Words, like Nature, half reveal

And half conceal the soul within.

This book is firmly devoted to words of the latter half. It is for the words too beautiful to live long, too amusing to be taken seriously, too precise to become common, too vulgar to survive in polite society, or too poetic to thrive in this age of prose. They are a beautiful troupe hidden away in dusty dictionaries like A glossary of words used in the wapentakes of Manley and Corringham, Lincolnshire or the Descriptive Dictionary and Atlas of Sexology (a book that does actually contain maps). Of course, many of them are in the Oxford English Dictionary (OED), but not on the fashionable pages. They are the lost words, the great secrets of old civilisations that can still be useful to us today.

There are two reasons that these words are scattered and lost like atomic fragments. First, as already observed, they tend to hide in rather strange places. But even if you settle down and read both volumes of the Dictionary of Obsolete and Provincial English cover to cover (as I, for some reason, have) you will come across the problem of arrangement, which is obstinately alphabetical.

The problem with the alphabet is that it bears no relation to anything at all, and when words are arranged alphabetically they are uselessly separated. In the OED, for example, aardvarks are 19 volumes away from the zoo, yachts are 18 volumes from the beach, and wine is 17 volumes from the nearest corkscrew. One cannot simply say to oneself, I wonder whether theres a word for that and turn to the dictionary. One chap did recently read the whole OED, but it took him a year, and if you tried that every time you were searching for the perfect word, you might return to find that the conversation had moved on.

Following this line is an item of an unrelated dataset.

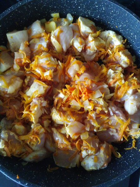 Пока лук с морковью подрумяниваются, нарежьте куриную грудку небольшими, удобными для еды кубиками. Добавьте курицу к овощам в сковороду. Посолите, поперчите по вкусу, добавьте щепотку сушеного чеснока для аромата и обжарьте все вместе в течение нескольких минут, чтобы мясо схватилось.

The world is, I am told, speeding up. Everybody dashes around at a frightening pace, teleconferencing and speed-dating. They bounce around between meetings and brunches like so many coked-up pin-balls, and reading whole dictionaries is, for busy people like you, simply not feasible. Time is money, money is time, and these days nobody seems to have much of either.

Thus, as an honourable piece of public service, and as my own effort to revive the worlds flagging economy through increased lexical efficiency, I have put together a Book of Hours, or Horologicon. In medieval times there were books of hours all over the place. They were filled with prayers so that, at any time of day, the pious priest could whip out his horologicon, flip to the appropriate page and offer up an orison to St. Pantouffle, or whoever happened to be holy at the time. Similarly, my hope with this book is that it will be used as a work of speedy reference. Whats the word? you will think to yourself. Then you will check your watch, pull this book from its holster, turn to the appropriate page and find ante-jentacular, gongoozler, bingomort, or whatever it might be. This is a book of the words appropriate to each hour of the day. Importantly, as I have noted, it is a reference work. You should on no account attempt to read it cover to cover. If you do, Hell itself will hold no horrors for you, and neither the author nor his parent company will accept liability for any suicides, gun rampages or crazed nudity that may result.

Of course, there is a slight problem with attempting to create an efficient reference work of this kind, namely that I have to know what you are doing at every moment of the day. This isnt quite as hard as it sounds. Ive consulted all of my friends and both of them have told me much the same story: they get up, they wash, they have breakfast and head off to work in an office. Neither of them is quite clear what they do there, but they insist that its important and involves meetings and phone calls, work-shy subordinates and unruly bosses. Then they pop to the shops, eat supper and, as often as not, head out for a drink. It is on this basis that I have made a game attempt at guessing your hypothetical life.